Although some tennis fans might like to hunt down Juan Martin del Potro and fling him off a bridge for getting in the way of yet another clash between ATP No. 1 Rafael Nadal and No. 2 Novak Djokovic, it would be a mistake to write off the hulking, shy, reticent 6-foot-6 Argentine as just a high-level spoiler.
Delpo's mastery of Nadal in the Shanghai semifinals, followed by an extremely close loss (7-6 in the third set) to Djokovic in the final Sunday, was anything but a timely trip into a zone -- The Zone -- that del Potro isn't destined to inhabit for any significant length of time. Rather, it’s becoming the kind of thing he does for a living, and who knows, one day soon he might again beat two icons back-to-back on one of the game’s great stages -- as he did when he shocked Nadal and then stunned Roger Federer to win the 2009 US Open.
Nadal generated headlines the other day after the loss to del Potro in Shanghai and took some flak for revealing to the press that in that 2009 US Open semifinal with Delpo, he was suffering from a terribly painful 26-millimeter (1.02 inches) tear in his abdominal wall. Ironically, Nadal was trying to explain why he considered the 6-2, 6-4 win by Delpo in Shanghai even more persuasive that the 6-2, 6-2, 6-2 rout in New York because this time Nadal was healthy.
That’s kind of how it is for del Potro.
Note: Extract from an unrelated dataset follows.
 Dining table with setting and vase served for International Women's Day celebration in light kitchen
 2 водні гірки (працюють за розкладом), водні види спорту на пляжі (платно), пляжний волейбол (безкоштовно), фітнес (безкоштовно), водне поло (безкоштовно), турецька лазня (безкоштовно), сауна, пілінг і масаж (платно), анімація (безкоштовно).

Even a guy like Nadal feels obliged to grab you by the lapels, shake and declare, "No, this guy isn’t just good, like Tomas Berdych or Jo-Wilfried Tsonga is good. He’s really good."
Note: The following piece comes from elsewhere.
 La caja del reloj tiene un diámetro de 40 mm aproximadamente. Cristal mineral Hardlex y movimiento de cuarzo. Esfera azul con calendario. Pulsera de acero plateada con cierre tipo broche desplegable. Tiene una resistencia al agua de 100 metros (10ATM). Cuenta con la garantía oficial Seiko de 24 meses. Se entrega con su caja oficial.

Del Potro’s record bears it out. He is back up to a solid No. 5 world ranking. At 25, he’s no kid anymore, that’s true. He needs to fish or cut bait. But remember that Delpo lost an entire year to surgery rehab just months after he won his first and, thus far, only major. And let’s face it: Delpo isn’t a mercurial guy who’s likely to rebuild his confidence in a few weeks or months. He’s diligent and methodical almost to the point of being plodding, but what he builds is on a very, very solid foundation. His game shows that; it’s the equivalent of a mission-style table made of solid oak.
That game has carried Delpo to strange and wild places, like that five-set semifinal loss to Djokovic this year at Wimbledon and the excruciating loss to Nadal in the finals of Indian Wells. It seems that every time you turn around, del Potro is coming off some epic, intense performance against one icon or another. And coming up just short less often than it may seem.
Isn't this the guy who denied Federer the title on his home court in Basel, Switzerland, just last year? The one who had three straight wins over Nadal in that enchanted 2009? The game-puncher who lost 19-17 in the third set in the semis of the 2012 Olympic Games to the selfsame Federer, only to bounce back to snatch the bronze from the hands of Djokovic?
You bet. And what you have to ask yourself is: How much longer can the fates conspire to keep del Potro from winning another major? The answer may be, not very long.
After the Shanghai final, Delpo confessed: "I think I'm playing even better than 2009, or 2008, or last year. … I still have the same goal, which is [to] get closer to the top guys. If I still work like this, I hope I can be there one day.”
He’s clearly humble, and he’s obviously grounded. He knows just how close he is to the summit of tennis. Heck, he’s virtually a No. 3 already since current No. 4 David Ferrer is fading fast at 31 and No. 3 Andy Murray is out until the beginning of next year.
Delpo lost a three-setter to Djokovic last year in the ATP World Tour finals. In 2009, he made the final but was upset by Nikolay Davydenko. Last week, he qualified for the elite eight again, and that means he’ll have at least one more chance this year to close a deal he’s been working on patiently and doggedly for nearly three years now.